The hole in your logic is that personal experience must be universal.

{QUOTE-> I'm having a schadenfreude moment ;D

I'm glad that your experience with ActiveX is a happy one Ed.

The issue is the probability of a particular code's mis use. So I find it atonishing that someone would write that ActiveX and java script are no more pontentially harmfull than Notepad.

The hole in your logic is that personal experience must be universal. <-QUOTE}
I'm sorry, but I think you took what I was saying beyond the point I was trying to make. I never said it was just as safe as running notepad, thats just plain silly. I meant any API that is intended to run code within a browser.

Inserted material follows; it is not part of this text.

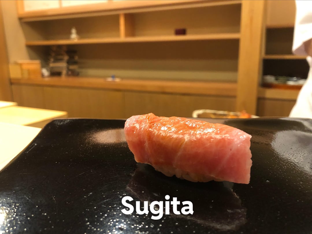 - Sugita (Tabelog 4.64 Gold, Chefs' Gold / Google 4.6). Most diners seemed to be locals with 2-3 foreigners. Almost everything tasted fantastic, except for the dried fish eggs. Memorable pieces: bonito; chutoro; otoro; yellowtail (buri); hard clam (hamaguri); uni; sea eel (anago). A local took me here and it seems to be impossible to re-visit on my own. 44.000¥, but I ended up paying ~74K because I ordered all additional otsumami and nigiri pieces, on top of some repeat nigiri.

What I was trying to say was no matter what technologies are used, there is always a risk. A person has to weigh the risks to their perceived benefits. I listed my personal experience with ActiveX as just that, my personal experience and did not say or intend the statement as a proof that running ActiveX is totally safe, just that in MY EXPERIENCE, I have not had any problems. This can be taken for what it is worth by the intelligent members of this board. If you hate ActiveX or Java, thats your right not to use it. I am not a huge fan of either technologies but they do work and whether we like it or not are pretty widely used in alot of software and web sites. Security software does seem to get large critics by the very nature of the potential security exploits which can occur running these. However, most people who are not biased against Mcafee, will tell you it might not be the best out there but it really is no slouch either. I am not sure how many Mcafee users have had their systems compromised because of the the need to be running ActiveX with Mcafee. All I know is I have never had it happen nor seen it on any systems I have supported that ran it.

All in all as I said each person needs to make their own choices as to what is safe enough for them to run. Heck I have known some people who will not even ride in cars or fly in planes because they feel the risks are too great for them.